- DATA SUPPLIED
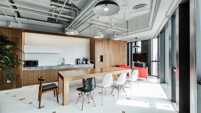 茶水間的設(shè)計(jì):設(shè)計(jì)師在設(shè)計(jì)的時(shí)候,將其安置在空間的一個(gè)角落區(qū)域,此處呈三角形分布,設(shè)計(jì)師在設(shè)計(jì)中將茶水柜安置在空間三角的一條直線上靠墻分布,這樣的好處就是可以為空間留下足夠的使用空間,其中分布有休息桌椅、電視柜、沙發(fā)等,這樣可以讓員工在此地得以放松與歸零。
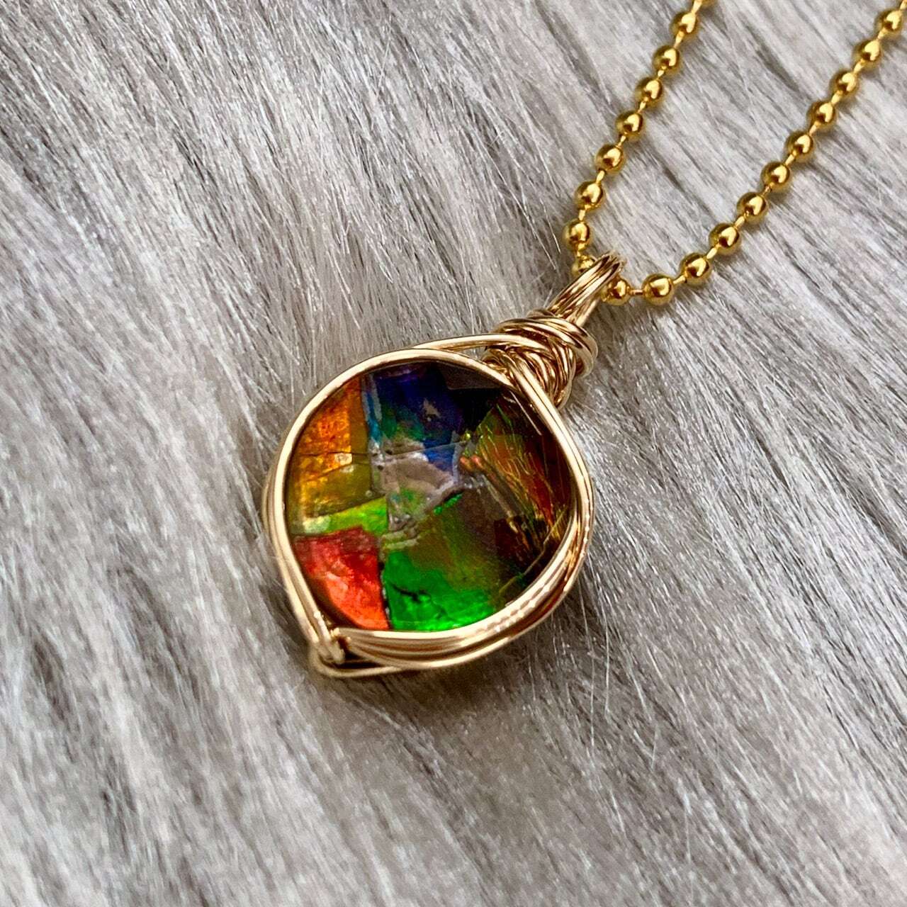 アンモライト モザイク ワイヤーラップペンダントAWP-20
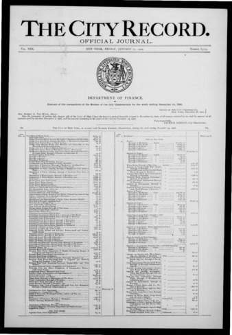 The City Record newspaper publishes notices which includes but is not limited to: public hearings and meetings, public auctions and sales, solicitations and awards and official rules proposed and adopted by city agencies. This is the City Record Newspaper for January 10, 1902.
...
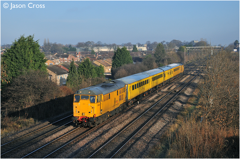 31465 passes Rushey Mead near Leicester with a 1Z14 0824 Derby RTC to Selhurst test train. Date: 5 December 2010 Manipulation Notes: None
==
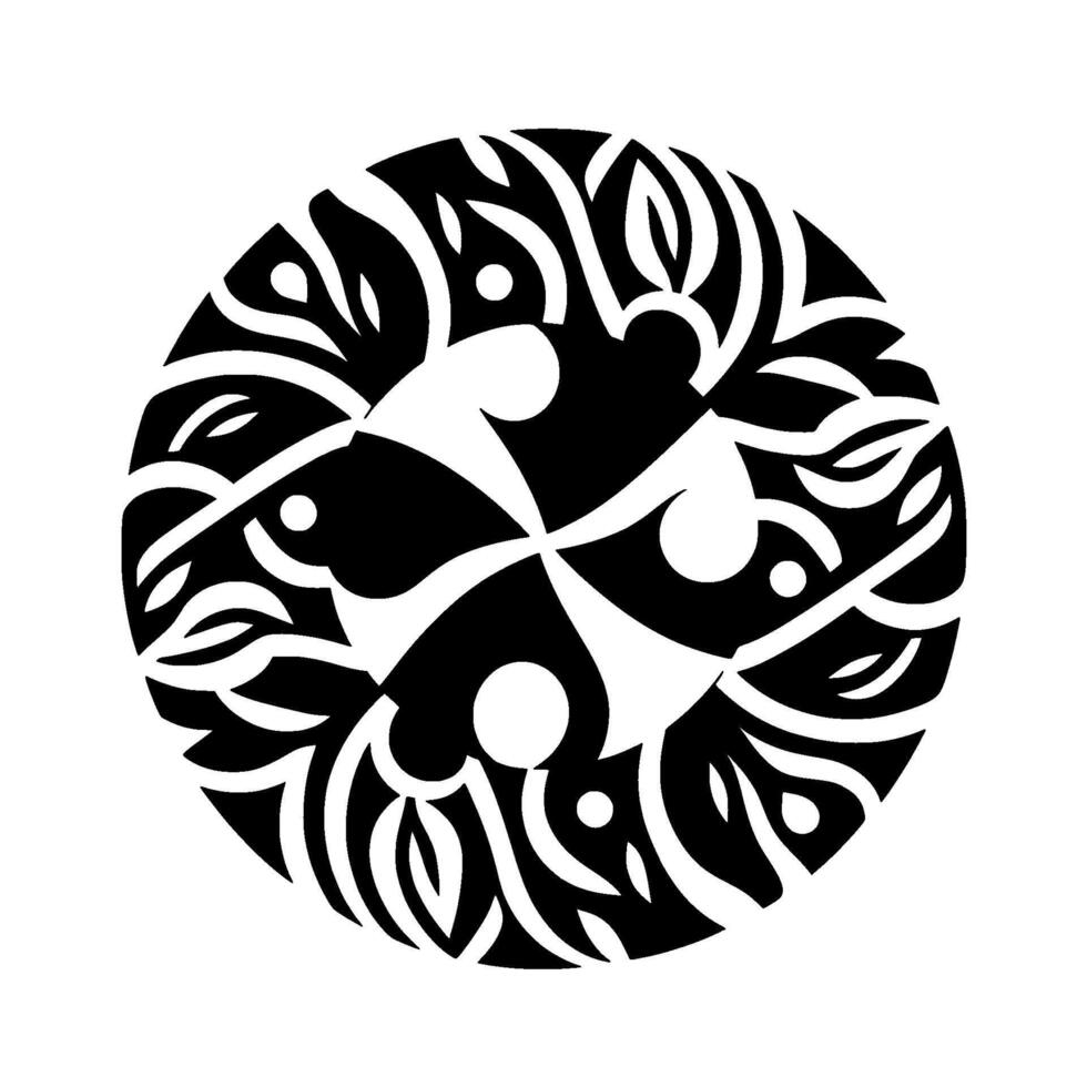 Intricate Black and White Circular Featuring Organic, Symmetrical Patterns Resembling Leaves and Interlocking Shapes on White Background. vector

- EXERCISE REQUIREMENTS
Reproduce, word for word, everything in the listing above from the line containing "アンモライト モザイク ワイヤーラップペンダントAWP-20" down to the line containing "The City Record newspaper publishes", both of them included. No pictures.

- TASK RESPONSE
 アンモライト モザイク ワイヤーラップペンダントAWP-20
 The City Record newspaper publishes notices which includes but is not limited to: public hearings and meetings, public auctions and sales, solicitations and awards and official rules proposed and adopted by city agencies. This is the City Record Newspaper for January 10, 1902.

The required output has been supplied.